2007), and were selleckchem therefore designated as saprophytes and endophytes, respectively. In the rubber tree, C. cassiicola has thus far been exclusively known as a necrotrophic pathogen that causes the Corynespora Leaf Fall (CLF) disease, which ranks among the most important fungal diseases in Asian and African rubber plantations. Initially, C. cassiicola was described as a minor pathogen capable of attacking

only budwood or seedling nursery plants (Newsam 1960; Chee 1988), but in 1975, the first epidemic outbreak on a plantation scale occurred in Indonesia. In the 1980s, several other countries in Southeast Asia were severely affected by disease outbreaks and thousands of hectares of rubber trees were uprooted in Malaysia, Indonesia, Thailand and Sri Lanka (Liyanage et al. 1986; Pongthep 1987; Chee 1988). By the end of the 1980s, African countries were also affected by CLF. The disease severity further increased until several important rubber tree cultivars considered to be tolerant or resistant to CLF during the first epidemic in the mid 1980s succumbed to the disease (Jayasinghe and Silva 1996; Shamsul and Shamsuri selleck compound 1996; Sinulingga et al. 1996; Wahounou et al. 1996).

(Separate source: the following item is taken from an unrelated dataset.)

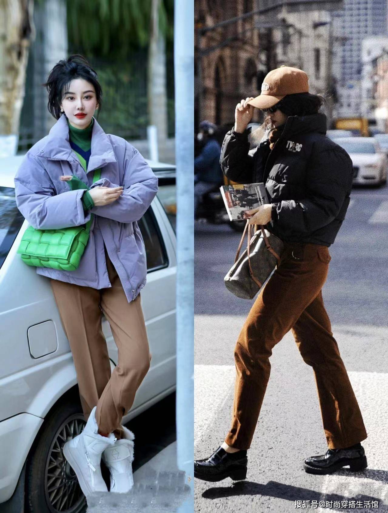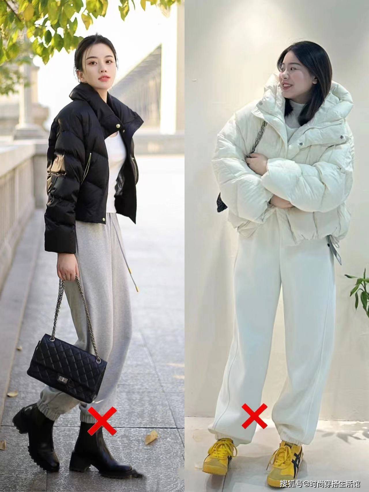 卫裤显土的第二点原因,在于他是一款运动风格的裤子,本身款式比较休闲,穿着风格也比较固定,而羽绒服和大衣的风格是较为淑女和正式的设计,两种单品的风格不一致,导致整个穿搭的融合度不高。

Currently, all Asian and African rubber-producing countries, which account for 98 % of the

natural rubber production in the world (94 and 4 % for each continent, respectively), are affected by the disease resulting in considerable economic losses. CLF is characterized by necrotic lesions that develop on both young and mature leaves and lead to extensive defoliation. The fungus typically causes areas of necrosis with a fish bone appearance due to the darkening of the veins adjacent to the lesions (Chee 1988; Liyanage and Liyanage 1986; Pongthep 1987). However, the symptoms vary depending on the age, type and location of the rubber tree (Jayasinghe et al. 1998). This symptom variability impedes diagnosis of the disease in a plantation. Additionally, C. cassiicola isolates within the same agroclimatic zone vary widely in morphology, colony color, growth, spore production, pathogenicity and

genetic diversity (Darmono et al. 1996; Jayasinghe and Silva 1996; Breton et al. 2000; Atan and Hamid 2003; Alanine-glyoxylate transaminase Romruensukharom et al. 2005; Dixon et al. 2009; Qi et al. 2009). Colonization of the rubber tree tissues by C. cassiicola involves the secretion of phytotoxic molecules (Onesirosan et al. 1975; Liyanage and Liyanage 1986; Purwantara 1987; Nugawela et al. 1989; Breton et al. 2000). A toxin called cassiicolin was purified and characterized from the culture filtrate of a rubber tree isolate (CCP) from the Philippines (Breton et al. 2000; Barthe et al. 2007; de Lamotte et al. 2007). The toxin is a small, secreted glycosylated protein that plays an important role in C. cassiicola pathogenicity. The cassiicolin-encoding gene encodes a precursor protein containing a signal peptide at the amino terminus that is predicted to target the protein for secretion (Déon et al. 2012).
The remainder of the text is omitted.